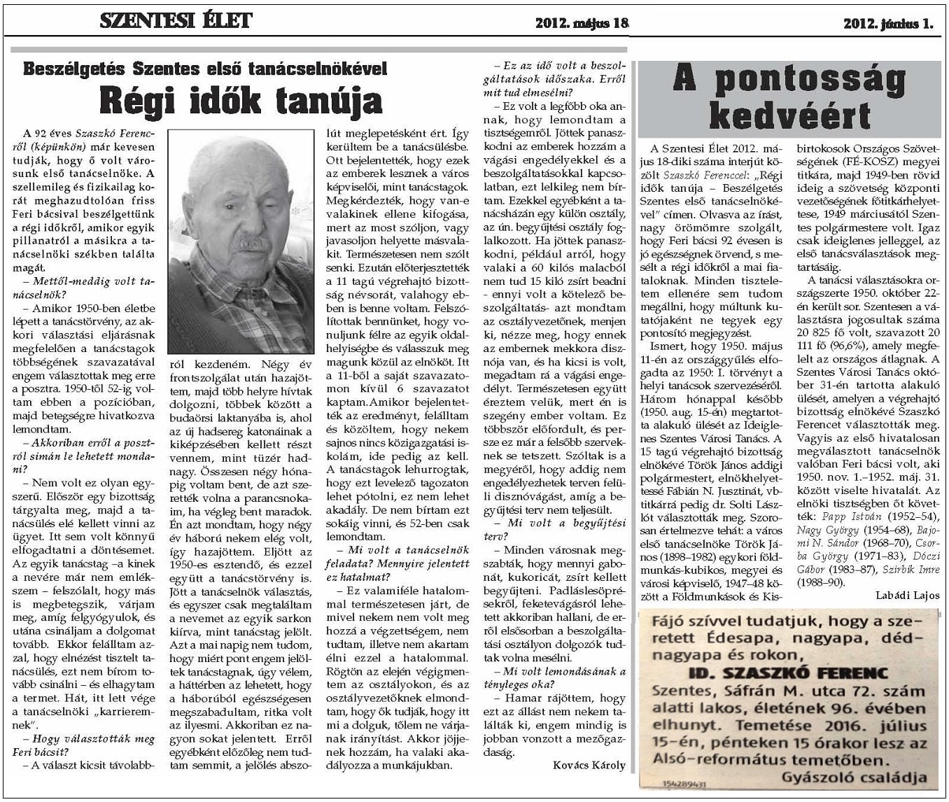 70 éve, 1950. október 31-én megtartotta alakuló ülését a Szentes Városi Tanács. A végrehajtó bizottság elnökévé Szaszkó Ferencet választották. Hivatalát 1952-ig viselte.
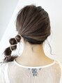 サイドでローポニーにし、紐を巻き付け顔周りはウェットに。【気に入ったスタイルは「ブックマークする」ボタンを押して、ご来店時ご提示ください】グラデーションカラー,小顔,マッシュ,ふわミディ,花嫁,耳かけ,厚めバング,前下がりボブ,ナチュラルボブ
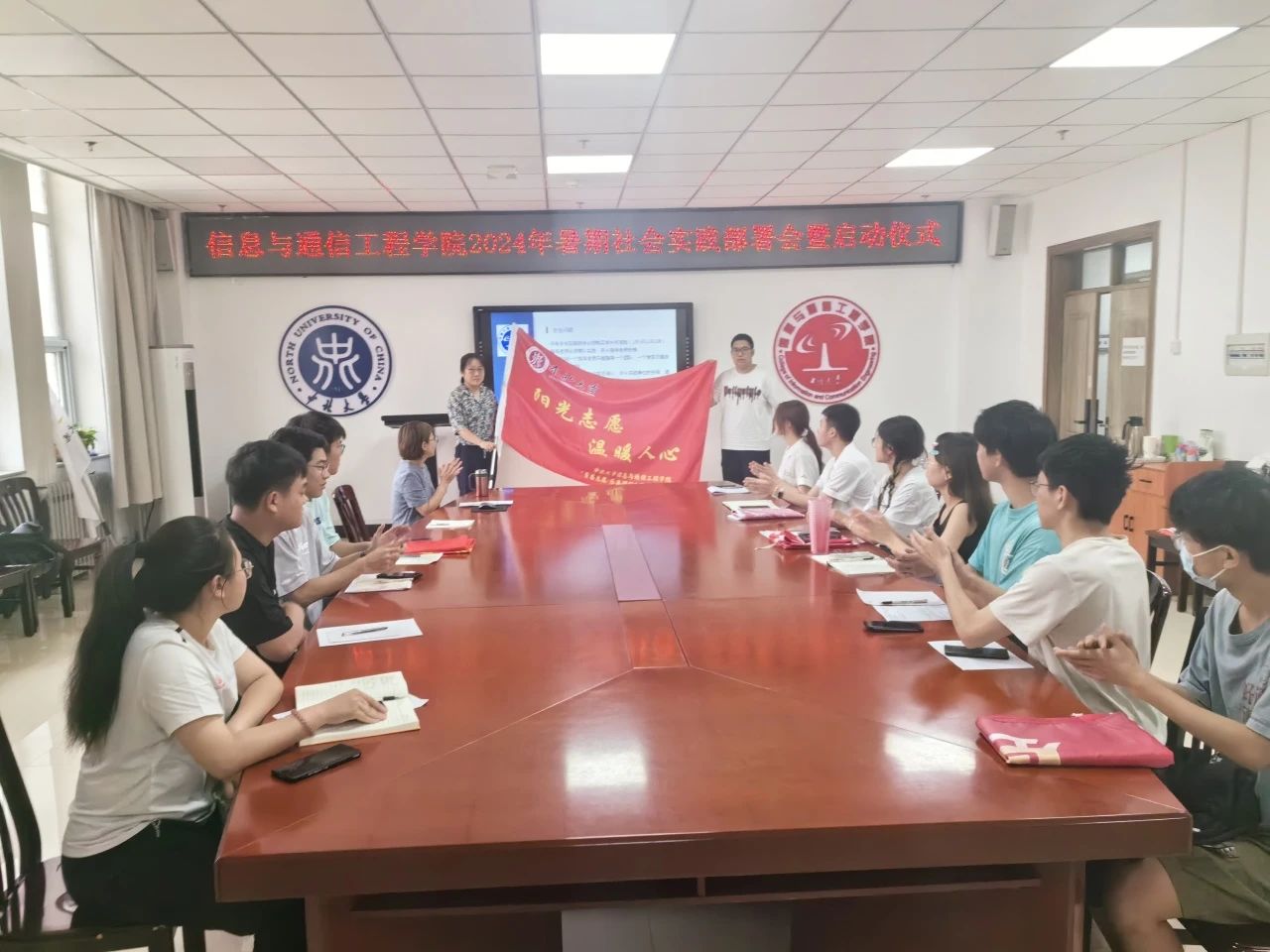 暑期社会实践队授旗,并强调道,暑期社会实践活动是贯彻落实党的教育方针的重要举措,是深化实践育人的重要载体,希望每位成员都能在实践中成长,坚持学思用贯通、知信行合一,为社会贡献力量。
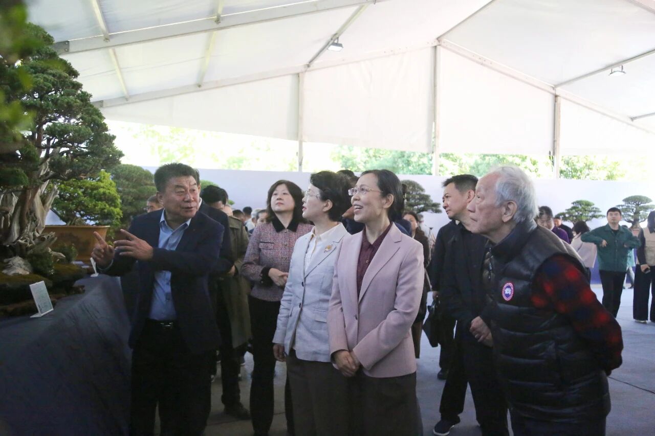 开幕式后,与会领导嘉宾前往盆景艺术展区,参观两岸盆景艺术家带来的200余件匠心之作。
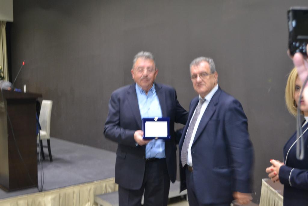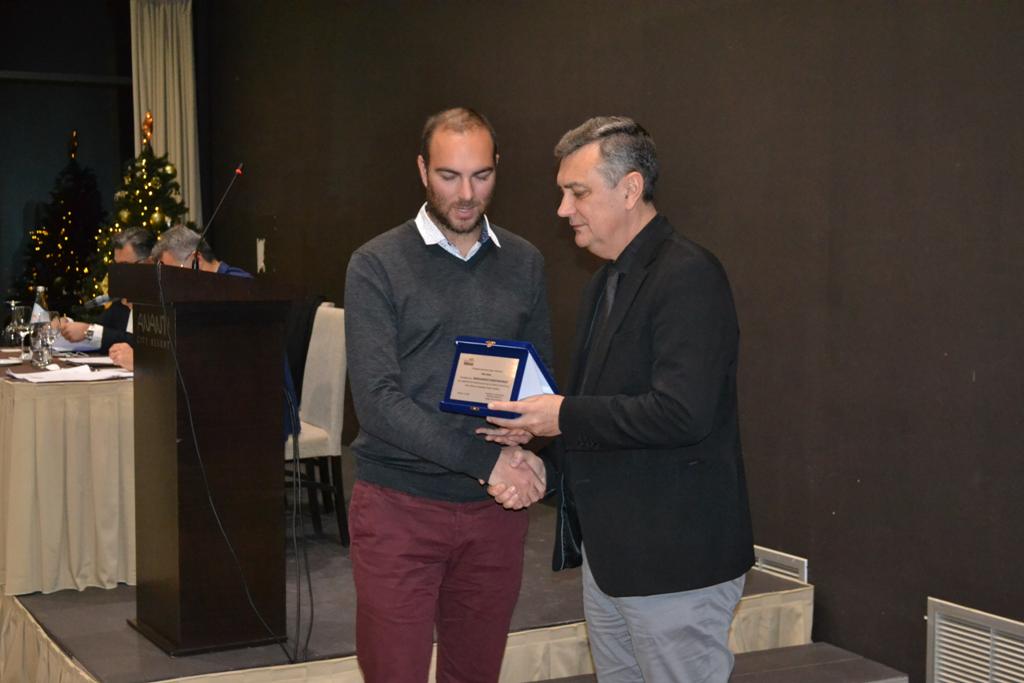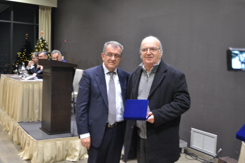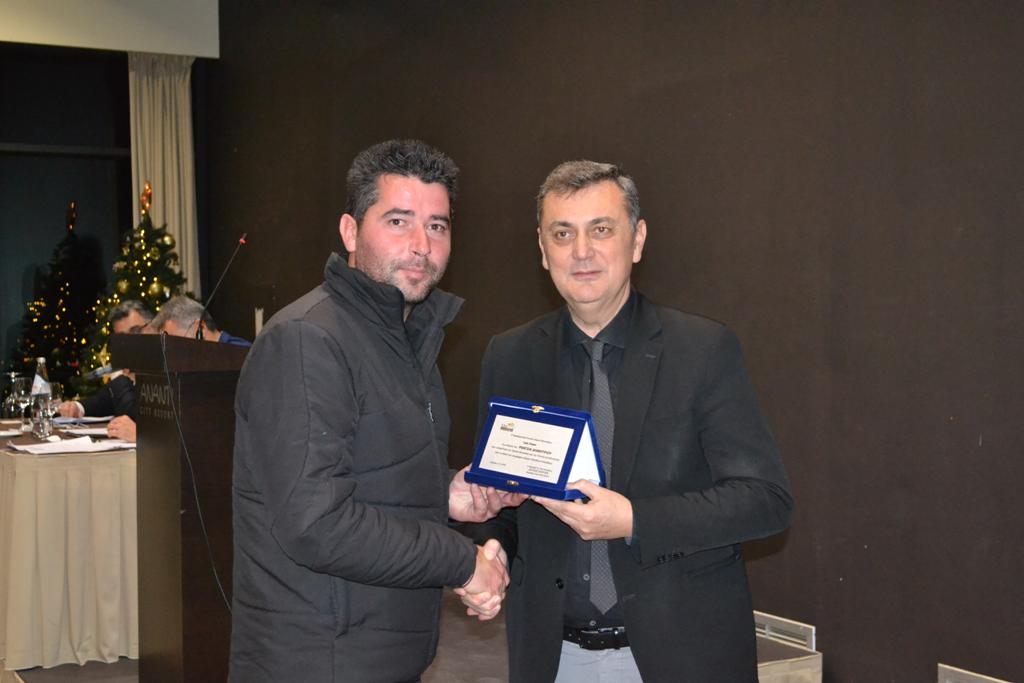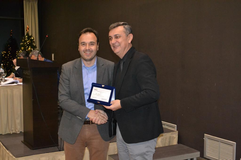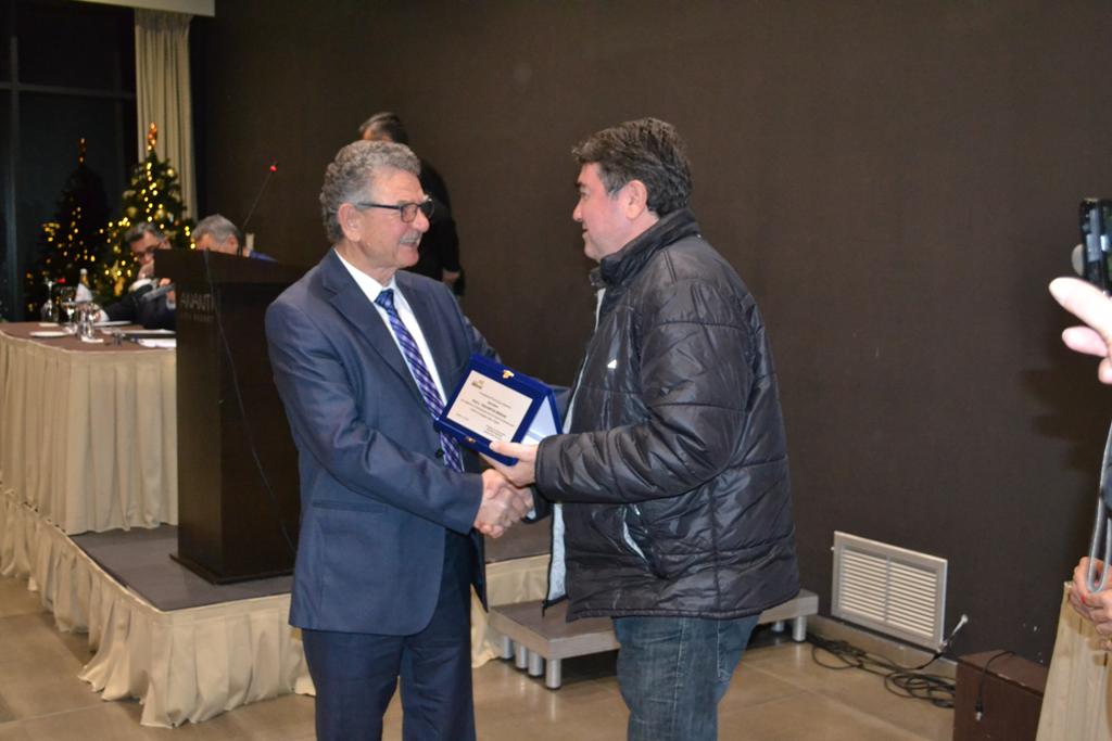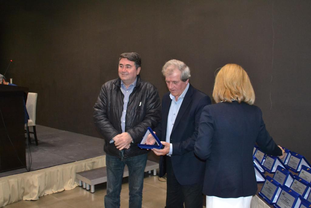 Ο Πρόεδρος της διοργανώτριας ΠΕΔ Θεσσαλίας Δήμαρχος Μουζακίου κ. Γιώργος Κωτσός, με αρκετούς εν ενεργεία Δημάρχους και εκπροσώπους τοπικών φορέων, απένειμαν τιμητικές πλακέτες στους πρωταγωνιστές της βραδιάς.
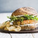 By pulsing half of the shrimp for these burgers in a food processor, it creates the perfect texture for binding the ingredients together. This way you can skip the usual bread crumbs, which means you get maximum shrimp flavor in your burgers. Serve with sweet potato fries and pass extra aioli for dipping.
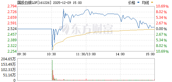 上午10:30,国投白银LOF复牌后出现大幅波动,直线跌停后又快速拉升,二十分钟左右逼近涨停,随后在6%的涨幅附近震荡。
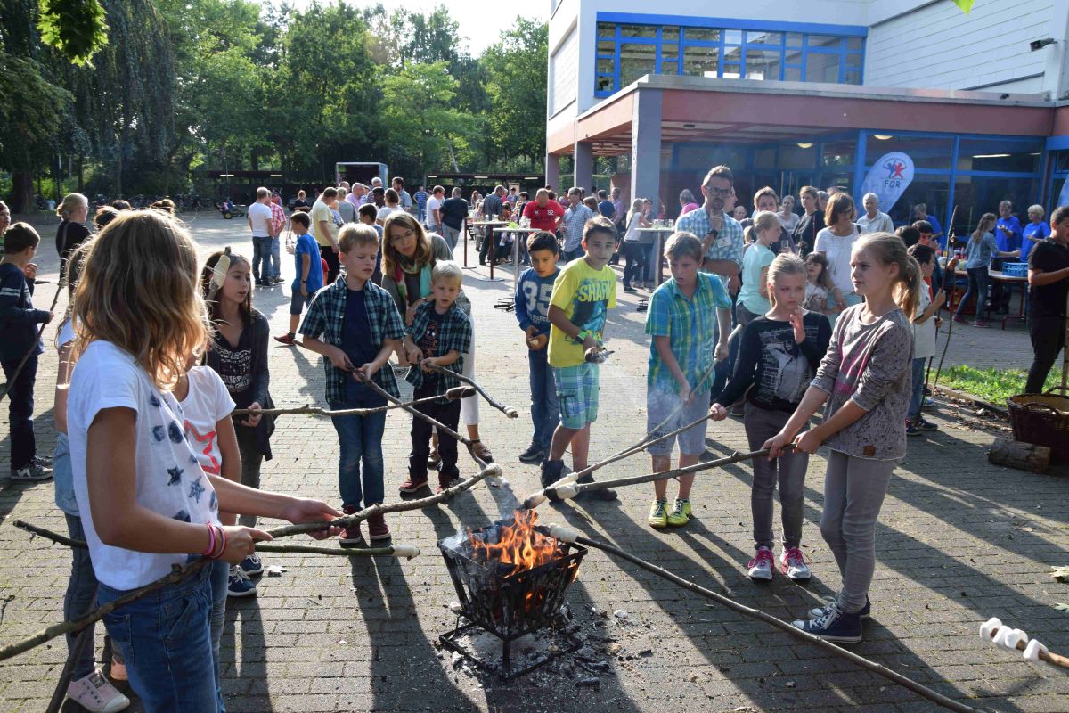 Dies sind einige besondere Eindrücke vom Jahresfest des Fördervereins der Osterrath-Realschule. Über 300 Eltern und Kinder der Klassen 5 und 6 waren gekommen, sie brachten 78 Salate mit für ein tolles buntes Büffet. Bratwürstchen und Getränke gab es vom Förderverein und den Teig für das Stockbrot hatte die Bäckerei Vorbohle gespendet. Die Survival-AG der Schule entfachte – trotz der Sommerhitze – ein großes Lagerfeuer an dem das Stockbrot und Marshmallows von den Kindern an langen Stöcken geröstet wurde.
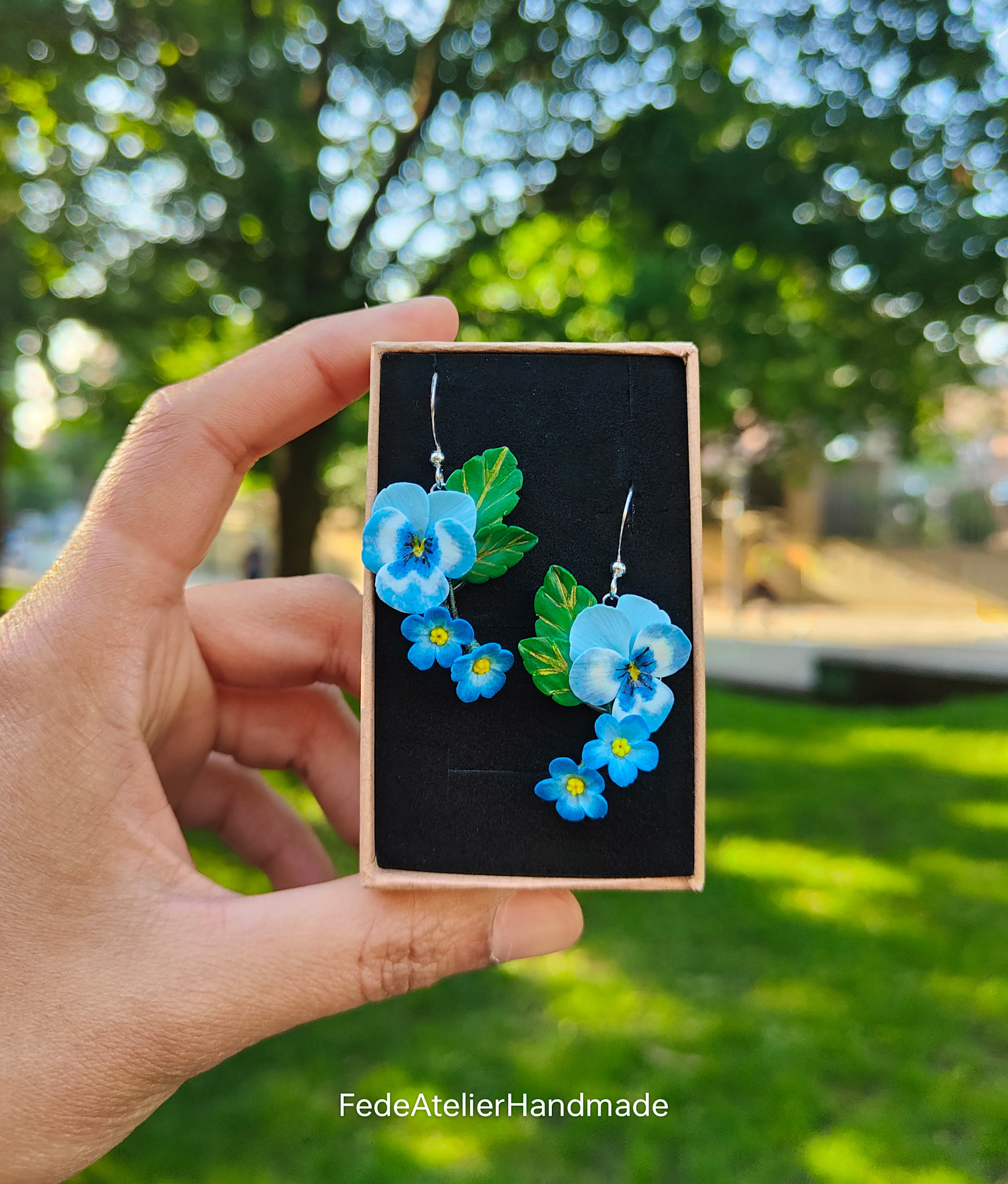 Boucles d'oreilles pendantes Viola et Myosotis 18
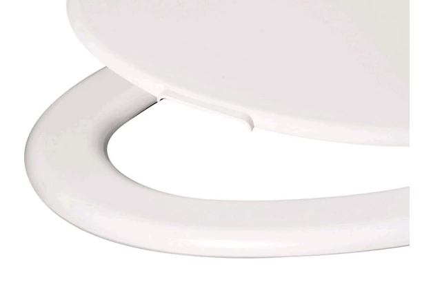Jednoduchá WC doska na toaletu je vyrobená z bieleho plastu a univerzálne sa hodí takmer na každú záchodovú misu.
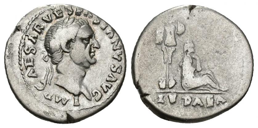 3158   -  IMPERIO ROMANO. VESPASIANO. Denario. Roma (69-71 d.C.). A/ Cabeza laureada a der.; IMP. CAESAR VESPASIANVS AVG. R/ Judea sentada a der. bajo trofeo; IVDAEA. AR 3,25 g. 18,63 mm. RIC-2. Cospel abierto. MBC-./BC+. Muy escasa.
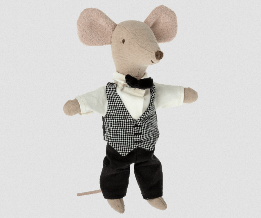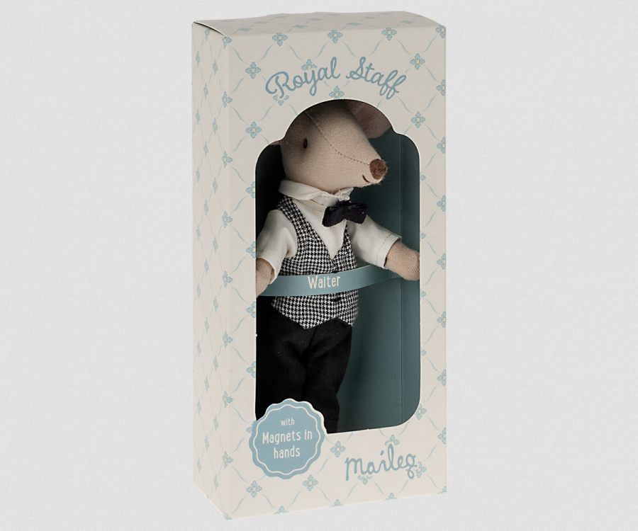 Die Kellnermaus ist der perfekte Helfer auf jeder Party oder bei jeder königlichen Familie. Die Maus ist klassisch gekleidet und hat Magnete in den Händen, so dass es einfacher ist, alle Metallutensilien zu halten.

----

- _Try it_: Omit the pictures, then give every record back exactly as it stands.

- _Exercise response_:
 70 éve, 1950. október 31-én megtartotta alakuló ülését a Szentes Városi Tanács. A végrehajtó bizottság elnökévé Szaszkó Ferencet választották. Hivatalát 1952-ig viselte.
 サイドでローポニーにし、紐を巻き付け顔周りはウェットに。【気に入ったスタイルは「ブックマークする」ボタンを押して、ご来店時ご提示ください】グラデーションカラー,小顔,マッシュ,ふわミディ,花嫁,耳かけ,厚めバング,前下がりボブ,ナチュラルボブ
 暑期社会实践队授旗,并强调道,暑期社会实践活动是贯彻落实党的教育方针的重要举措,是深化实践育人的重要载体,希望每位成员都能在实践中成长,坚持学思用贯通、知信行合一,为社会贡献力量。
 开幕式后,与会领导嘉宾前往盆景艺术展区,参观两岸盆景艺术家带来的200余件匠心之作。
 Ο Πρόεδρος της διοργανώτριας ΠΕΔ Θεσσαλίας Δήμαρχος Μουζακίου κ. Γιώργος Κωτσός, με αρκετούς εν ενεργεία Δημάρχους και εκπροσώπους τοπικών φορέων, απένειμαν τιμητικές πλακέτες στους πρωταγωνιστές της βραδιάς.
 By pulsing half of the shrimp for these burgers in a food processor, it creates the perfect texture for binding the ingredients together. This way you can skip the usual bread crumbs, which means you get maximum shrimp flavor in your burgers. Serve with sweet potato fries and pass extra aioli for dipping.
 上午10:30,国投白银LOF复牌后出现大幅波动,直线跌停后又快速拉升,二十分钟左右逼近涨停,随后在6%的涨幅附近震荡。
 Dies sind einige besondere Eindrücke vom Jahresfest des Fördervereins der Osterrath-Realschule. Über 300 Eltern und Kinder der Klassen 5 und 6 waren gekommen, sie brachten 78 Salate mit für ein tolles buntes Büffet. Bratwürstchen und Getränke gab es vom Förderverein und den Teig für das Stockbrot hatte die Bäckerei Vorbohle gespendet. Die Survival-AG der Schule entfachte – trotz der Sommerhitze – ein großes Lagerfeuer an dem das Stockbrot und Marshmallows von den Kindern an langen Stöcken geröstet wurde.
 Boucles d'oreilles pendantes Viola et Myosotis 18
Jednoduchá WC doska na toaletu je vyrobená z bieleho plastu a univerzálne sa hodí takmer na každú záchodovú misu.
 3158   -  IMPERIO ROMANO. VESPASIANO. Denario. Roma (69-71 d.C.). A/ Cabeza laureada a der.; IMP. CAESAR VESPASIANVS AVG. R/ Judea sentada a der. bajo trofeo; IVDAEA. AR 3,25 g. 18,63 mm. RIC-2. Cospel abierto. MBC-./BC+. Muy escasa.
 Die Kellnermaus ist der perfekte Helfer auf jeder Party oder bei jeder königlichen Familie. Die Maus ist klassisch gekleidet und hat Magnete in den Händen, so dass es einfacher ist, alle Metallutensilien zu halten.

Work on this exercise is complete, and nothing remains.